**Input data:**
_____
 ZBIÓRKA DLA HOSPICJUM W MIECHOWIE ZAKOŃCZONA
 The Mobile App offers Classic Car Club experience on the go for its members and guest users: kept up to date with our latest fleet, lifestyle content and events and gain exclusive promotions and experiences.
_____
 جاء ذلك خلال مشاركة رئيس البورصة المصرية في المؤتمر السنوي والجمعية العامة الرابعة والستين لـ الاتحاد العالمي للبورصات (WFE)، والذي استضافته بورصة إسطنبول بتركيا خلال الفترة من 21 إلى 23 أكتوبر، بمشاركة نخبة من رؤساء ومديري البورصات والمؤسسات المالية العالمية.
_____
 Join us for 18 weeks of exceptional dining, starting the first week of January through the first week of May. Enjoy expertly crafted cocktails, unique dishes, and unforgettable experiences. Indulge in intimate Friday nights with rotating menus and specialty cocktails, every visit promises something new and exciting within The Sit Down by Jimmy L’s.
_____
**Work request:** Where the listing above has a line with "ZBIÓRKA DLA HOSPICJUM W MIECHOWIE ZAKOŃCZONA", start there, and output every line exactly through the line with "The Mobile App", which is also included.

**Written solution:**
 ZBIÓRKA DLA HOSPICJUM W MIECHOWIE ZAKOŃCZONA
 The Mobile App offers Classic Car Club experience on the go for its members and guest users: kept up to date with our latest fleet, lifestyle content and events and gain exclusive promotions and experiences.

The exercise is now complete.